SOURCE INFORMATION
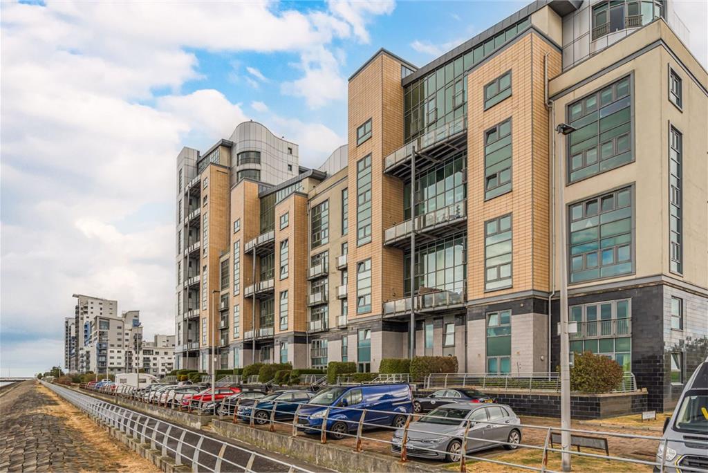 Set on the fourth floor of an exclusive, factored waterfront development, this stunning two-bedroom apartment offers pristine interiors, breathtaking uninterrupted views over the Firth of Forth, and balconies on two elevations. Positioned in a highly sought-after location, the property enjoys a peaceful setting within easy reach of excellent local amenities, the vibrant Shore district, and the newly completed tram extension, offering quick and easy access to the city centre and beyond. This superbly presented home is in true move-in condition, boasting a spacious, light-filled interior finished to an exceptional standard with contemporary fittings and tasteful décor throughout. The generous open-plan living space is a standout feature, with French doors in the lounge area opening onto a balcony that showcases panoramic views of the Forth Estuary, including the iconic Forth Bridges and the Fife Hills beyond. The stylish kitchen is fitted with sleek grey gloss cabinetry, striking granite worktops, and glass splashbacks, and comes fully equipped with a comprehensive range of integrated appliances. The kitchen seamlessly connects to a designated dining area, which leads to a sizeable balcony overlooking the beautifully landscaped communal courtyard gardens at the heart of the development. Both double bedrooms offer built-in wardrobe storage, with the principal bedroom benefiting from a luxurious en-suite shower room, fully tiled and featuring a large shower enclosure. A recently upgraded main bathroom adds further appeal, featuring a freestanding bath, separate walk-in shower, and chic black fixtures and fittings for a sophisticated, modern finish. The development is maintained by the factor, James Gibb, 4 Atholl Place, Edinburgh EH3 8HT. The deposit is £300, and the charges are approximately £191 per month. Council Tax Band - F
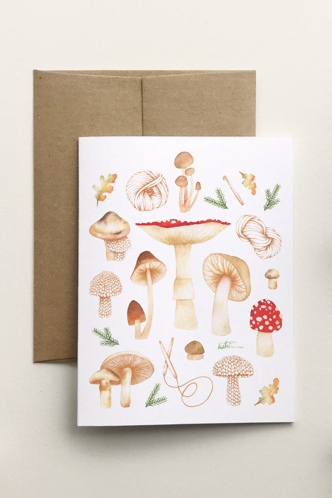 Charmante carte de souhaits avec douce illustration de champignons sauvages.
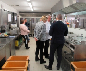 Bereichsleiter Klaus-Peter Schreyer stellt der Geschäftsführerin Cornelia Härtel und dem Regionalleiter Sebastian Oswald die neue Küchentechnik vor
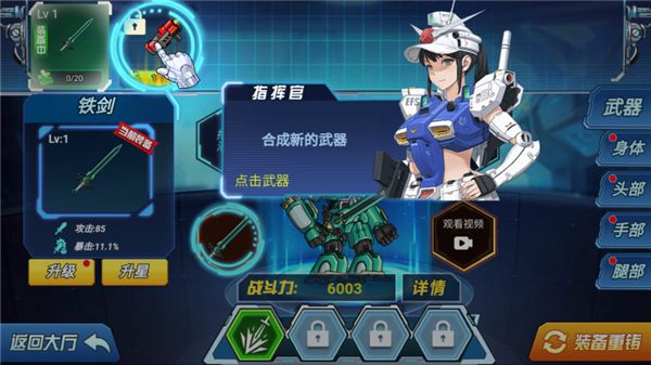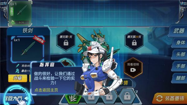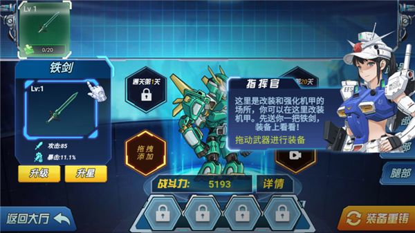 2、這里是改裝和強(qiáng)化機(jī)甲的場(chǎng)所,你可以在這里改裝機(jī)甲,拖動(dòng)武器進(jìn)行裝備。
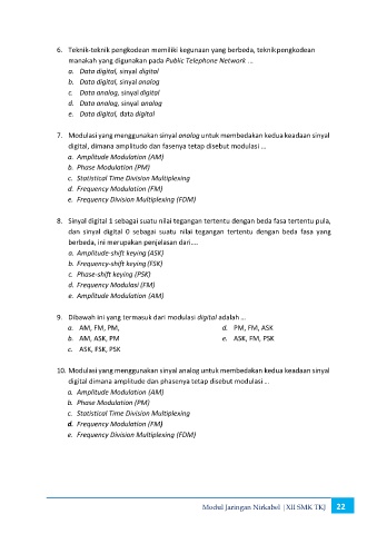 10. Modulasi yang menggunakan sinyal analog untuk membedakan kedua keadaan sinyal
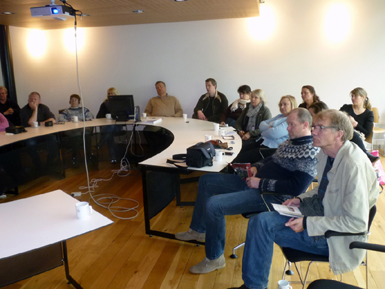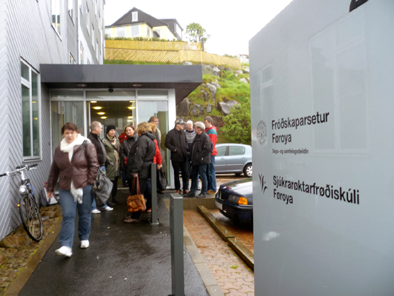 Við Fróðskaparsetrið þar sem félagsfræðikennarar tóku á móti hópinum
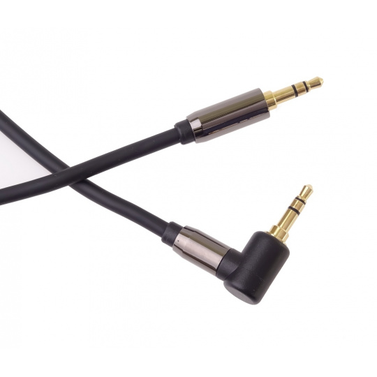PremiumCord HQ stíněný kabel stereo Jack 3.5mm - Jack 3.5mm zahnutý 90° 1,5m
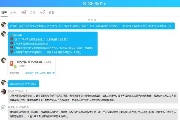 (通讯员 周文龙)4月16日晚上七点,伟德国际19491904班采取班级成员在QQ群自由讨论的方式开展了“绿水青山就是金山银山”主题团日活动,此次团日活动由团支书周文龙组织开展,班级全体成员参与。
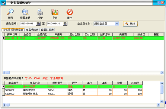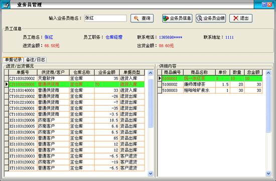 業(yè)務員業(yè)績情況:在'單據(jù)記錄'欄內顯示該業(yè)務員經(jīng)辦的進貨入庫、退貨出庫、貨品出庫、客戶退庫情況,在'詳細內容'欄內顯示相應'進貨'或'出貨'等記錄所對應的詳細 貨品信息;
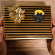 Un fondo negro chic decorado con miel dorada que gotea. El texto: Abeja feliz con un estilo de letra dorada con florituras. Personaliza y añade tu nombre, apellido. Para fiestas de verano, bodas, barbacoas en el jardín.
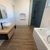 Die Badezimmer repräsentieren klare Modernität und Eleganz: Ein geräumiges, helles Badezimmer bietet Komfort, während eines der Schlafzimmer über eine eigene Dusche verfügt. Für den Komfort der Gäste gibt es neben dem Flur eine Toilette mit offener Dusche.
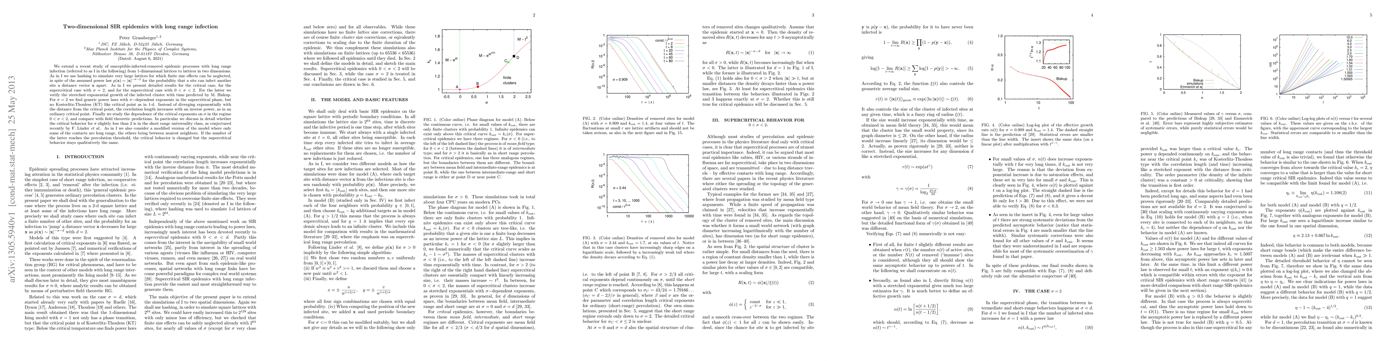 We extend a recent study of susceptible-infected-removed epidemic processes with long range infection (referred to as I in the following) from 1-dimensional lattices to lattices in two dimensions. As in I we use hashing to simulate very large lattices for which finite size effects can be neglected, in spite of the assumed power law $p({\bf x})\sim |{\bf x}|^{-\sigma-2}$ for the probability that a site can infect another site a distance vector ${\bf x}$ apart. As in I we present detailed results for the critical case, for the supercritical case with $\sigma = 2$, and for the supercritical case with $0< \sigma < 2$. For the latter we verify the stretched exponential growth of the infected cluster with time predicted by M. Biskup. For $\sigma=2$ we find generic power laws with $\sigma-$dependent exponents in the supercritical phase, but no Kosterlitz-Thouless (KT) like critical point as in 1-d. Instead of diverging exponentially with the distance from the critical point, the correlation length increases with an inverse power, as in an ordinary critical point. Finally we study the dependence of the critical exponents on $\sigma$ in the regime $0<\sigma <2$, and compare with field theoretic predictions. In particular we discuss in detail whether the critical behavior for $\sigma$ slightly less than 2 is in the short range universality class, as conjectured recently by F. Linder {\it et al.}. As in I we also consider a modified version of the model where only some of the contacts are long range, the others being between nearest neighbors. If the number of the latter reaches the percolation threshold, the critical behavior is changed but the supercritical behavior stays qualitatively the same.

TASK
Your task is to copy only the lines above starting at the one containing "Un fondo negro" and ending at the one containing "Die Badezimmer repräsentieren". Copy them exactly, both ends included, and omit the pictures.

ANSWER TO THIS EXERCISE
 Un fondo negro chic decorado con miel dorada que gotea. El texto: Abeja feliz con un estilo de letra dorada con florituras. Personaliza y añade tu nombre, apellido. Para fiestas de verano, bodas, barbacoas en el jardín.
 Die Badezimmer repräsentieren klare Modernität und Eleganz: Ein geräumiges, helles Badezimmer bietet Komfort, während eines der Schlafzimmer über eine eigene Dusche verfügt. Für den Komfort der Gäste gibt es neben dem Flur eine Toilette mit offener Dusche.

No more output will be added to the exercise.